Deep Roots and New Reggae at SOB’s Last Night
Signal Fire opened a roots reggae twinbill at SOB’s last night that was as much a delicious throwback to the golden age of roots reggae as it was a look at where slinky one-drop sounds might go in the future. You might assume that Wilmington, North Carolina would be a hotspot for Americana sounds – Mark Sinnis calls the place home now – but it’s actually a college town with a surprisingly eclectic music scene. Signal Fire fit the mold of current-day American roots reggae bands, but they keep the sound closer to the ground, rooted in the earth. Guitarist/singer Sean Gregory would hit his distortion pedal for a blast of fire when the smoke threatened to go out, but otherwise he and the rest of the band – bassist Cullen Seward, drummer Ken Forrest and keyboardist Carl Blackmon – kept the low-key, blue-flame vamps going, closer to the Roots Radics in the late 70s at their most purposeful. In an age when so many so-called reggae bands are really just upper-middle-class white stoners taking a stab at funky rock through a ganja haze, what Signal Fire are doing is awfully refreshing.

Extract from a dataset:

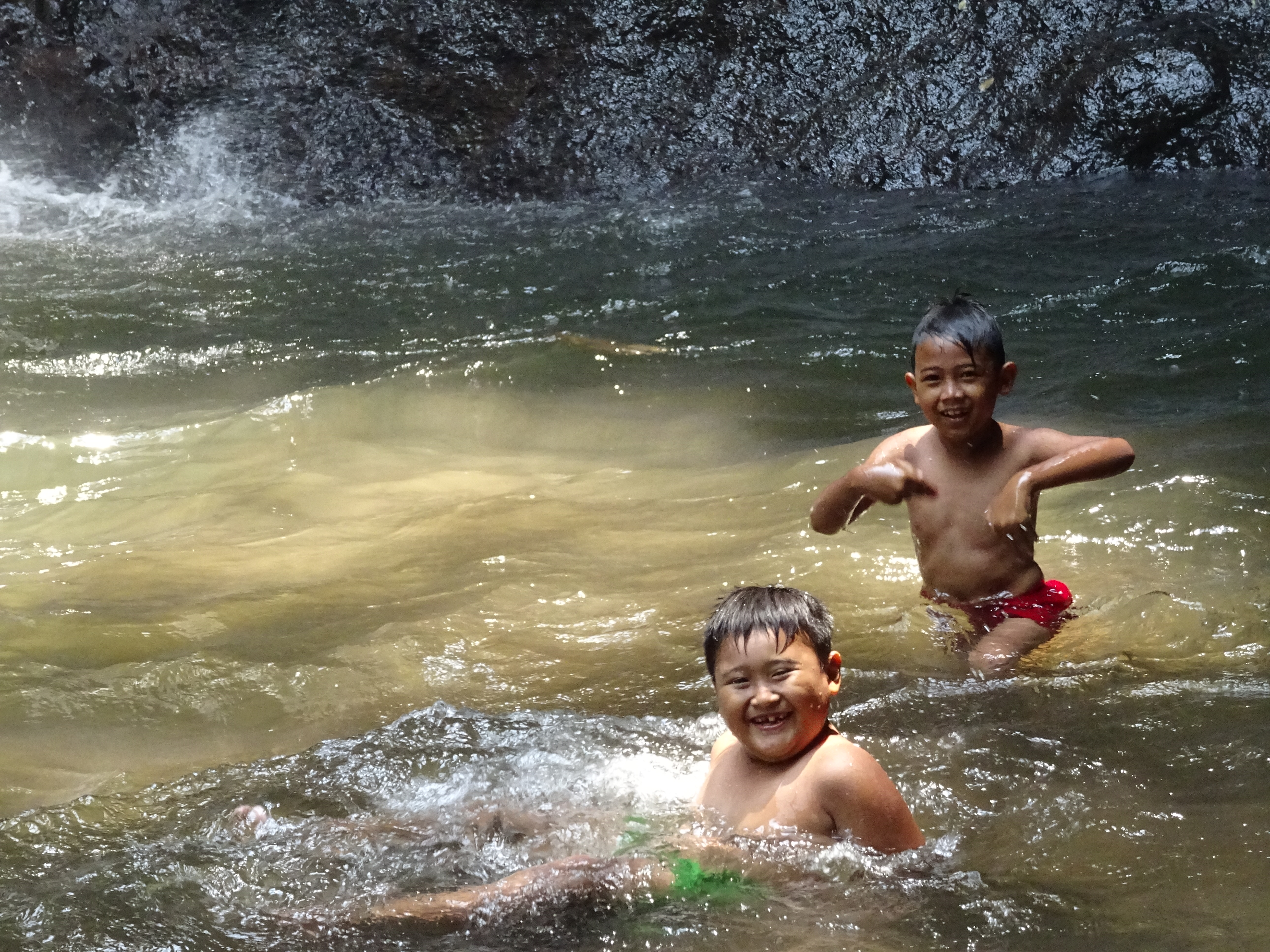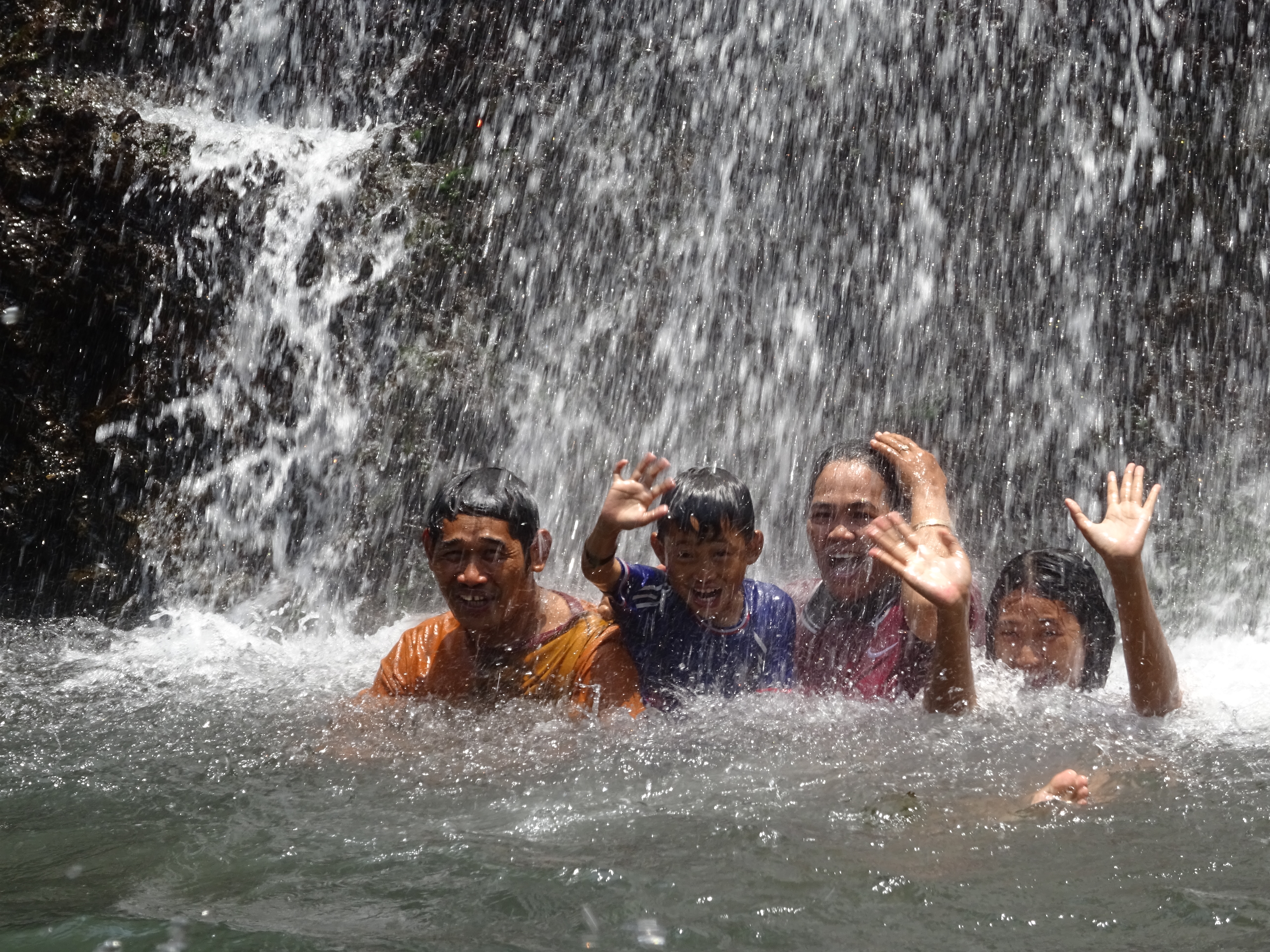 On part ensuite en Jeep avec un ami à lui à la découverte de leur magnifique région. Premier arrêt à une cascade, nous sommes dimanche il y a du monde partout, on est les deux seuls occidentaux ça va être encore de longs moments de gloire pour nous, et Androu va toucher beaucoup de ventres de femmes enceintes, c’est une tradition ici car elles souhaitent que leur enfant ai la peau claire comme nous, ah ben mince moi qui pensait être bronzée !!! Chung nous fait déguster quelques spécialités locales et on continu vers les plantations de café Robusta et Nescafé (tenues par des compagnies chinoises), de caoutchouc, de clous de girofles et pour finir de cacao. On dégustera de l’eau de coco bien fraîche devant les rizières, un spectacle saisissant et on testera même de goûter la fève de cacao, une délicieuse découverte !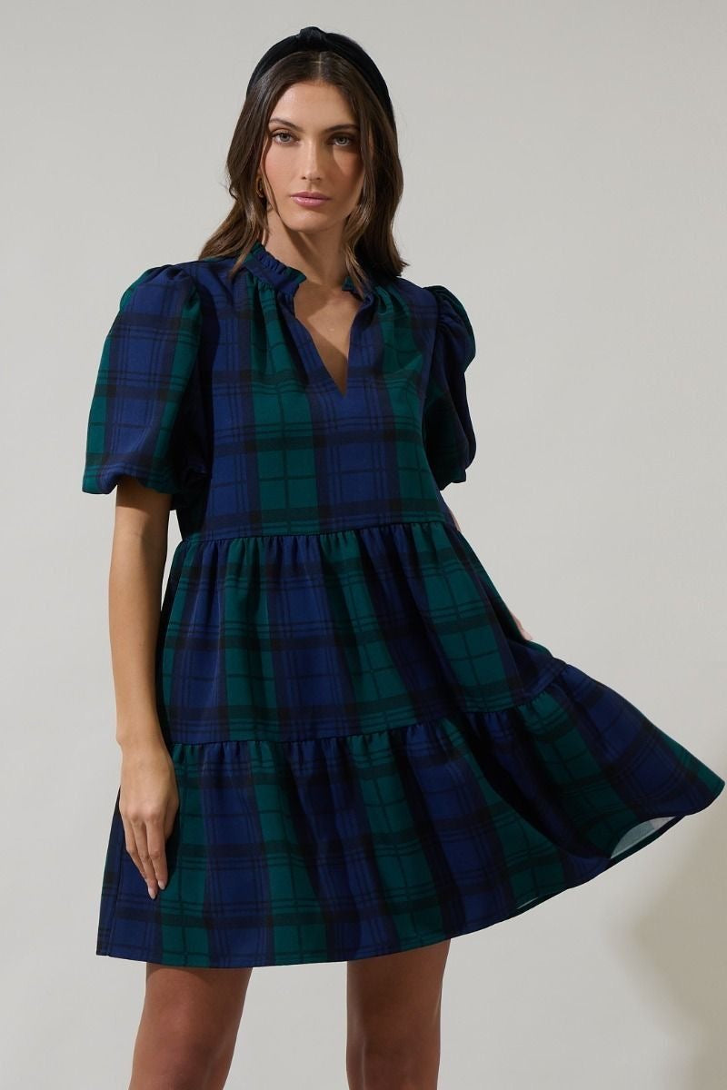Indulge in the perfect blend of comfort and style with our Hudson Plaid Babydoll Mini Dress. The v-neckline and bubble sleeves add a flirty style to this plaid dress. Great length and fully lined.

As is Jesse Royal. What a diversely talented band this guy has. The drummer spiced the music with unexpected rolls and tumbles, the bassist anchoring it with murderous downtuned chords and deep-channel swoops up to the top of the fretboard. The lead guitarist’s elegant, shapeshifting textures occasionally gave way to Hendrix-inspired flashes and flickers, enveloped in bubbly organ, raspy synth brass or woozily tinkling electric piano from the keyboardist.
In his resonant, melismatic baritone, Royal didn’t go straight for the romantic stuff either. He railed against 700 years of injustice and then celebrated finally being able to smoke up in peace in the night’s most wildly applauded number, Finally. Several numbers later, after he finally asked if he could play one for the ladies, he led the band through the ornate vintage 60s style soul ballad Next to You, which without the toasting could have been a Smokey Robinson hit.
Speaking of which, there’s a lot more toasting in roots reggae lyrics than there used to beL dancehall has left a lasting mark. But Royal’s is a lot closer to Eek-a-Mouse, or Yellowman without the smut, or vintage U-Roy than, say, Elephant Man. Likewise, the band’s steady, undulating skank would have worked perfectly behind, say, Freddie McGregor forty years ago. And for all his conscious lyrics and seriousness, Royal has a sense of humor. “I feel very close to this song,” he confided midway through the set. He paused: “it’s the first single off the new album.” For people who might have left reggae behind when the first wave of classic acts from the 70s began falling off the nostalgia circuit, Royal represents Jamaica in a way that an awful lot of golden-age artists used to. Let’s hope this is a trend.